Kassie Siegel, director of the Center for Biological Diversity’s Climate Law Institute, said her organization has tracked nearly 1,000 state permits issued to Aera this year to drill new wells or rework existing ones. That includes dozens of permits for hydraulic fracturing, or fracking, the controversial well stimulation method that involves injecting fluid at high pressure into the ground to loosen natural gas or oil deposits and which releases large amounts of greenhouse gases. Since California ended a nine-month pause on new fracking permits in April, Aera has received 48 of the 68 approved permits; among 57 denied applications, only 3 are from Aera.

While environmentalists have urged Newsom to ban fracking, just as they did his predecessor Gov. Jerry Brown, the governor punted the issue to the Legislature this fall.

“Is he going to stand up for Californians, or is he going to keep partying with his oil industry lobbyist friend and exposing people to pollution?” Siegel said.

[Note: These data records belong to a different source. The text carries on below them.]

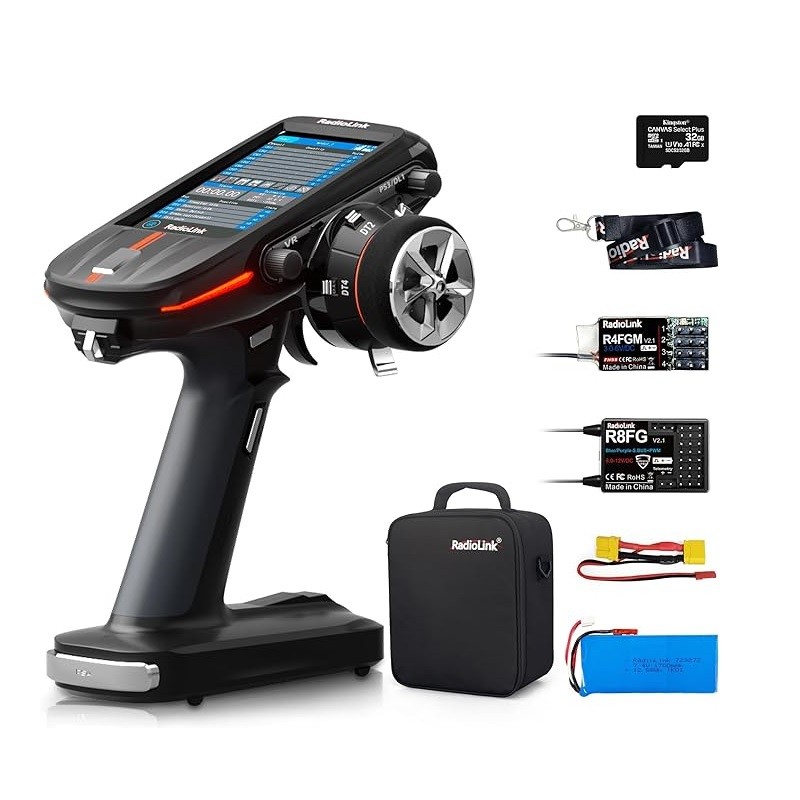 The Radiolink RC8X controller paired with the R8FG and R4FGM receivers offers an exceptional combination of precision control and reliable communication for remote-controlled vehicles and aircraft. The RC8X features a ergonomic design and intuitive interface, providing pilots and drivers with comfortable and efficient operation. With its advanced frequency hopping spread spectrum technology, the system ensures stable and interference-free signal transmission, even in crowded radio environments.
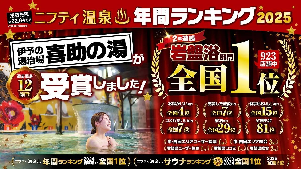伊予の湯治場 喜助の湯は、温泉情報サイト「ニフティ温泉」(運営:ニフティライフスタイル株式会社)が実施した「ユーザーが選んだ!食事がおいしい温泉・スーパー銭湯ランキング2025」において、全国約7,800施設の中から第9位に選出されています。
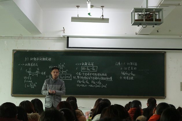 课前,顶级在线体育平台冯一兵副教授对朱老师作了简要介绍,随后朱老师便向在座的100余名学生上了高一物理中“动能和动能定理”一课。朱老师首先回顾了上节课内容,然后以实验演示的方式引入课题,接着重点推导出了动能和动能定理的表达式,随后辅之以练习题,采取一题多解的方式,说明了动能定理相对于牛顿第二定律的便捷之处。最后,朱老师对授课内容做了概括性总结,再次强调了本节课的重点。示范课结束后,冯一兵老师做了总结性点评,概括了朱老师在教学过程中的几大优点:教态自然、语言简洁、表达清晰、结构完整等,但同时也指出了板书层次上的不足之处等。

Some in the cannabis industry are also disheartened by the Newsom administration’s lax enforcement against another Axiom client, Weedmaps, the online marijuana shop directory and marketplace that has repeatedly come under fire for advertising unlicensed dispensaries. Jerred Kiloh, a dispensary owner in Los Angeles and president of the United Cannabis Business Association, said Weedmaps has undermined the legal market Newsom helped create by giving a platform to underground competitors that can charge lower prices.

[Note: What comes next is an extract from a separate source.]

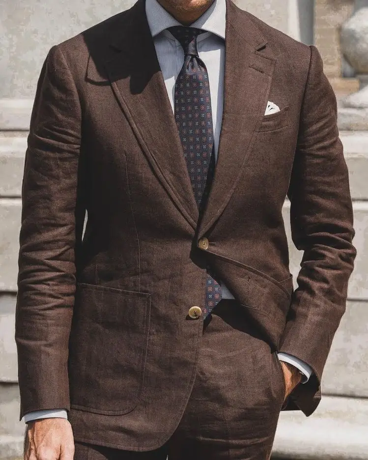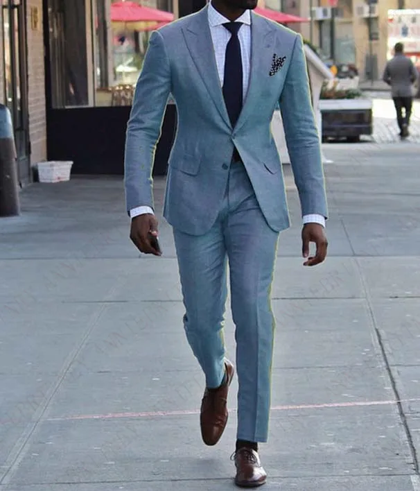 Мужской льняной костюм для жениха, костюм из 2 предметов, пиджак и брюки, Повседневный, модный, синего цвета
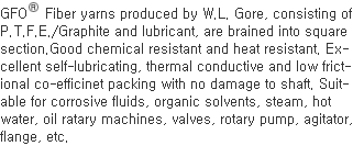 탄소섬유로 편조하고 P.T.F.E. Dispersion을 함침시킨 패킹이다. 내열, 내약품성이 우수한 것은 물론, 열전도성이 양호하며, 마찰열의 방산이 용이하고 수명이 길다. 부식성 유체, 유기용제, 증기, 열수, 탄화수소, 각종 기름, 회전기기, 밸브, 회전펌프, 교반기, 플랜지 등에 사용된다.

Newsom’s office said it used a new law giving regulators the ability to fine unlicensed operators up to $30,000 per day, to force Weedmaps to commit last year to purging unlicensed advertisers from its site.

But complaints persist that illegal sellers on the site are using fake license numbers or falsely portraying themselves as a different type of business. Kiloh questioned whether Kinney had persuaded Newsom not to ramp up pressure on Weedmaps to better police itself.

“This is the lowest-hanging fruit for enforcement,” Kiloh said. “I don’t understand why a government wouldn’t try to stabilize the industry for this new emerging taxpayer, especially when the head of the snake is so obvious.”

Nevertheless, even those with a close relationship to the governor don’t always get their way.

The California Medical Association, a persistent power player in Sacramento, operates in some of the same political circles as Newsom. Jim DeBoo, who lobbies for the organization, is another political adviser to the governor who worked on the failed school bond campaign this year. At least two staff members in Newsom’s office are former lobbyists for the medical association: chief deputy legislative affairs secretary Stuart Thompson and chief deputy appointments secretary Morgan Carvajal.

But in September, Newsom signed a bill granting nurse practitioners authority to practice without a doctor’s supervision – a proposal the medical association fought against for nearly a decade and that sat at the top of its kill list this session.